Friday, January 19, 2007

Touch me now! No, not you. The other one.

I can't f*cking believe it.

I gave up on Mr. Dapper. I should have known that would be exactly when he'd throw me a crust. And now, I'm in trouble.

Once I started feeling like a experiment (i.e. Exactly how long will a 29-year-old female follow a feral male's trail of crumbs?), I stopped responding to his little touch-base emails and meatless voicemail. I pretended I was too busy for him. I was too busy. Too busy healing my wounded ego.
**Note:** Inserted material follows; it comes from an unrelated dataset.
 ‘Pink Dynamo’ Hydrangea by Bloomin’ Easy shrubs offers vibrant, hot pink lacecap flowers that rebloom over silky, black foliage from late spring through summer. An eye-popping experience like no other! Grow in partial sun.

But he found me. He found me at my favourite Italian cafe. Everyone's favourite cafe. My safe spot. I played it as cool as I could (not very) and filled the air with more stories of things that matter not. Tales of last weekend's party. What so-and-so said that was funny. Anything.

Then, as we prepared to leave and part ways, I busied myself chatting with an aquaintance, and let Mr. Dapper wait. And wait. I intended my behaviour to say, I have more important people to do. But, my body betrayed me by screaming, Touch me! Touch me!
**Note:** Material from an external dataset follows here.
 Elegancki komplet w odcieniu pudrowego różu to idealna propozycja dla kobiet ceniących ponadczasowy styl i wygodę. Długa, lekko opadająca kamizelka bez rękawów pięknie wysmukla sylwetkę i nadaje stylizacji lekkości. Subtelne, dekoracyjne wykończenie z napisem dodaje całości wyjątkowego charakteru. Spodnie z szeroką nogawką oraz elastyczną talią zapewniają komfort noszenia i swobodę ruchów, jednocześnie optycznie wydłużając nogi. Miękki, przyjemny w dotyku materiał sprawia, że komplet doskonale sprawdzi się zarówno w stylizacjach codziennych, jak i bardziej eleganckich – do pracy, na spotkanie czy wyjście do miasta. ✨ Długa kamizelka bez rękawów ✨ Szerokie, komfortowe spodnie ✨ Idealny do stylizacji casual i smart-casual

Eventually, he told me he was leaving, and asked what I planned to do later that night. Ohnononononono! I fell for that one before. I didn't assume he was asking me out. Still, he called to tell me he'd be at a going away party for a friend, and that he'd like me to drop by. I played it cool(ish)...again, and told him I'd be busy with other friends, despite the fact that I was desperate to see him. To have him try to win me again.
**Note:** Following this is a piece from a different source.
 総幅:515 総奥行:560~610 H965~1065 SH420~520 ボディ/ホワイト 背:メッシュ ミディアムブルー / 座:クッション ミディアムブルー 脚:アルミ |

Good-bye romance. Enter strategy, ego salvaging and self-consciousness.

Then it happened. Finally, he hinted at a real date, and asked what I would be doing Saturday. Yesssssssssssssssssssssssssssss, I heard echoing in the void where my heart once resided. Shhhhhhhhhhhhhhhhhhhhit, said my head. I have to go to an art show, I explained. I'll come with you, he reasoned. I would have said yes to anything. After hanging up, my head reprimanded my heart for getting me in a pinch. It didn't matter. My heart was too far gone to listen.

An art show? It's a goddamn vernissage hosted by the other man I am sleeping with. The one who actually likes me; who blows off work to spend time with me. The guy who made me a mixed CD! The guy who looks at me longingly, and long enough that he makes himself uncomfortable, and I blurt, "We're not dating!"

We're not. I care about him, but I'm not instinctively attracted to him. Still, I catch myself sleeping with him, enjoying the sex, and reminding him that we are still not dating. Enter the guilt. Honestly, I would drop him in a second for a real chance with Mr. Dapper. Until then, I'll enjoy his company and pray that he won't hate me before the end of all this. I mean, he's had fair warning, right? Right?

Ouch.

This poor artist is to me what I am to Mr. Dapper. Filler. A friend. Fun. A fuck. I feel sorry for him.

*sigh*

I have to go to the art show. Alone.